El patrón, Juan Padín, trató de buscar todo tipo de explicaciones para lo ocurrido, aludiendo a un fallo en el motor, entre otras causas, pero la investigación ha desmontado cada una de sus excusas. Ahora la Fiscalía ha presentado su escrito de acusación y concluye que tanto Padín como los responsables de la empresa armadora, Pesquerías Nores, se enfrenten a nueve años de prisión por 21 delitos de homicidio por imprudencia grave, un delito de lesiones por imprudencia —en relación con los daños sufridos por el superviviente Samuel Koufie— y otro delito contra los derechos de los trabajadores. También se solicitan para el capitán 13 años de inhabilitación para ejercer como patrón de buque y la misma duración de inhabilitación para los responsables de la armadora; el administrador, José Antonio Nores Rodríguez; y el director de flota de la compañía, José Antonio Nores, en actividades de administración o dirección de empresas pesqueras.

La declaración de Samuel Koufie, clave en el proceso

En todo este proceso ha sido clave la declaración de Koufie, así como los testimonios de los marineros de los barcos que auxiliaron a los supervivientes. Ellos pusieron sobre la mesa el clima de tensión que se vivió en esos primeros momentos tras el rescate, en los que se intentó construir un relato único de lo sucedido. Koufie no cedió a las presiones, explicó su versión y, durante todo este tiempo, las familias de las 21 víctimas no han dejado de agradecérselo.

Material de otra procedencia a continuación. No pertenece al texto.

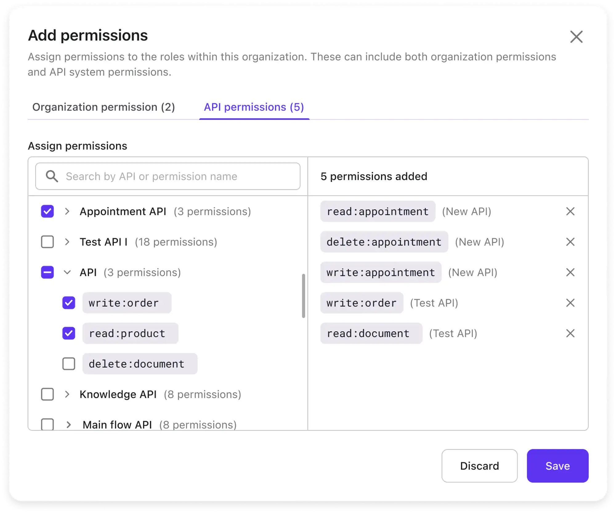 In Logto, you can assign API permissions directly to an organization's role, tailoring it to your specific requirements.

Pero no son las únicas pruebas. Están los informes técnicos elaborados por la Comisión de Investigación de Accidentes e Incidentes Marítimos (CIAIM), la Inspección de Trabajo, la Guardia Civil y expertos de diversos ámbitos, además de toda la documentación aportada en relación con la estabilidad, navegabilidad y seguridad del buque.

”Un grosero desprecio por la vida”

Según la Fiscalía, los acusados permitieron que el barco operara en condiciones inseguras, incumpliendo medidas básicas de prevención y mostrando un “grosero desprecio” por la vida y la integridad física de la tripulación. Y no son pocas las irregularidades: desde la sobrecarga del pesquero hasta los depósitos de combustible sin autorización, pasando por medidas preventivas insuficientes y deficiencias en los sistemas y procedimientos de abandono y salvamento. Ni siquiera todos llevaban puestos los trajes de salvamento.

En concreto, al capitán se le reprocha no haber tomado precauciones durante una maniobra realizada en muy malas condiciones, como asegurar adecuadamente las aberturas y puertas estancas del barco. También se le hace responsable de una decisión que podría haber cambiado el rumbo de los acontecimientos: ordenar el abandono del buque demasiado tarde.

La orden de abandonar el barco llegó tarde

Respecto a los responsables de la armadora, la Fiscalía considera que incumplieron obligaciones de seguridad de todo tipo. Al buque le faltaban elementos de evacuación, la tripulación no tenía instrucciones claras para actuar en caso de emergencia y ni siquiera los chalecos y trajes de inmersión estaban correctamente ubicados. Además, el barco operaba en una zona con intensa formación de hielo, a pesar de que su Libro de Estabilidad lo prohibía expresamente por no disponer de las protecciones reglamentarias necesarias.

En resumen, un sinfín de irregularidades que acabaron provocando el peor desenlace: la pérdida de 21 vidas. Veintiún padres, hijos, compañeros y amigos cuyas familias no han dejado de luchar para que se haga justicia. Y seguirán haciéndolo hasta el final.